*Supplied material*
··········

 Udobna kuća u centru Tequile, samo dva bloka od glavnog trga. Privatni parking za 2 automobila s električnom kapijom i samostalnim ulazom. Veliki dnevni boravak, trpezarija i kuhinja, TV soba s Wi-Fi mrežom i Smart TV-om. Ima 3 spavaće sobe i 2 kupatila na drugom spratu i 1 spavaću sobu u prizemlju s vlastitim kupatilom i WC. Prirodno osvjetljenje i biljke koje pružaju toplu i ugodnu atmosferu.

··········

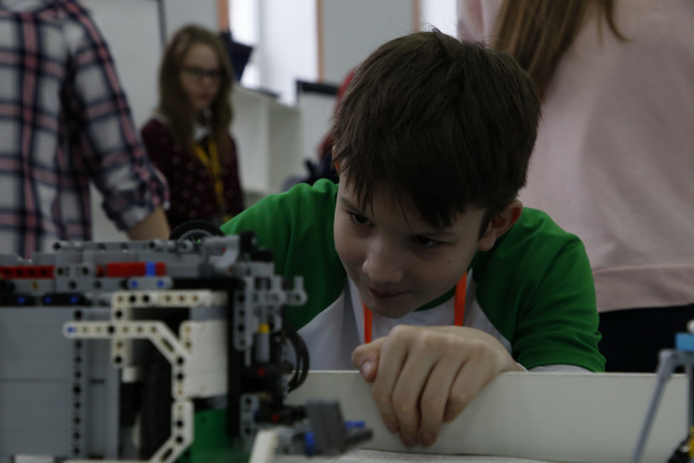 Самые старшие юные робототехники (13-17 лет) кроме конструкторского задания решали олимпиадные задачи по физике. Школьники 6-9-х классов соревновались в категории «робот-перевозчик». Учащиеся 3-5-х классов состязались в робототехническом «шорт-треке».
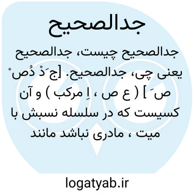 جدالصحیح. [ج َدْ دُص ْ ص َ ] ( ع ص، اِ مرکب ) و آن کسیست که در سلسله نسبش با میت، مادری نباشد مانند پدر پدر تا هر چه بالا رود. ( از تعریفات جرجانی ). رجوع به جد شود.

··········

Starting with the line that contains "Самые старшие юные" and finishing with the line that contains "جدالصحیح. [ج َدْ", reproduce every line of the material above exactly, but not the pictures.

 Самые старшие юные робототехники (13-17 лет) кроме конструкторского задания решали олимпиадные задачи по физике. Школьники 6-9-х классов соревновались в категории «робот-перевозчик». Учащиеся 3-5-х классов состязались в робототехническом «шорт-треке».
 جدالصحیح. [ج َدْ دُص ْ ص َ ] ( ع ص، اِ مرکب ) و آن کسیست که در سلسله نسبش با میت، مادری نباشد مانند پدر پدر تا هر چه بالا رود. ( از تعریفات جرجانی ). رجوع به جد شود.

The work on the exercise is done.